Dask integration
recursive-diff supports xarray.DataArray and xarray.Dataset objects backed by Dask. When it compares two such objects, the comparison is optimized to maximise parallelism and minimize memory usage.
In this example, we’re going to compare two arrays worth a total of 3 GiB. However, because they’re lazily defined, the whole comparison will use only a few MiB RAM and will run on all available threads:
import sys
sys.path.insert(0, "..")
import dask.array as da
import xarray
from recursive_diff import display_diffs
a = xarray.DataArray(da.ones((200_000, 1_000)), name="ones")
b = xarray.DataArray(da.ones((200_000, 1_000)), name="ones")
a[123_456, 789] = 1.01
b[133_700, 333] = 1.0000000001 # Below tolerance
display_diffs(a, b)
| lhs | rhs | abs_delta | rel_delta | ||
|---|---|---|---|---|---|
| dim_0 | dim_1 | ||||
| 123456 | 789 | 1.01 | 1.0 | -0.01 | -0.009901 |
Dask clusters
If you have a Dask client active and compare chunked Xarray objects, the comparison will run on the Dask cluster.
In this example we’re using a LocalCluster, but this works with remote clusters as well as Coiled clusters!
You may use xarray.open_zarr() or xarray.open_dataset() to open Zarr or NetCDF files on S3, which means that if your client is outside of AWS the data won’t transfer over the internet and you won’t pay egress charges.
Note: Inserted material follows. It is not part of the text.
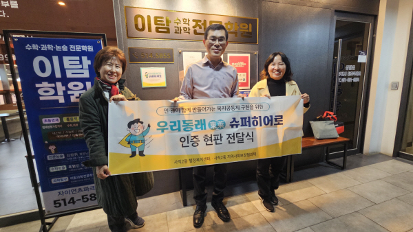 ºÎ»ê µ¿·¡±¸ »çÁ÷2µ¿ ÇàÁ¤º¹Áö¼¾ÅÍ(µ¿Àå ±è¼±Èñ)´Â Áö³ 12ÀÏ Áö¿ª»çȸº¸ÀåÇùÀÇü(À§¿øÀå ÃÖÇö¼ö) À§¿ø°ú ÇÔ²² 2025³â¡®¿ì¸® µ¿·¡(ÔÔÕÑ) ½´ÆÛÈ÷¾î·Î ÀÎÁõÁ¦ »ç¾÷¡¯¿¡ ½Å±Ô Âü¿©ÇÏ´Â ÈÄ¿ø¾÷ü ÀÌŽ¼öÇаúÇÐÀü¹®Çпø(¿øÀå ±èÁ¤¿ø)¿¡ ÀÎÁõ ÇöÆÇÀ» Àü´ÞÇß´Ù°í ¹àÇû´Ù.

S3 access not yet supported by recursive_open().
import dask.distributed
with dask.distributed.LocalCluster() as cluster, dask.distributed.Client(cluster):
display_diffs(a, b)
| lhs | rhs | abs_delta | rel_delta | ||
|---|---|---|---|---|---|
| dim_0 | dim_1 | ||||
| 123456 | 789 | 1.01 | 1.0 | -0.01 | -0.009901 |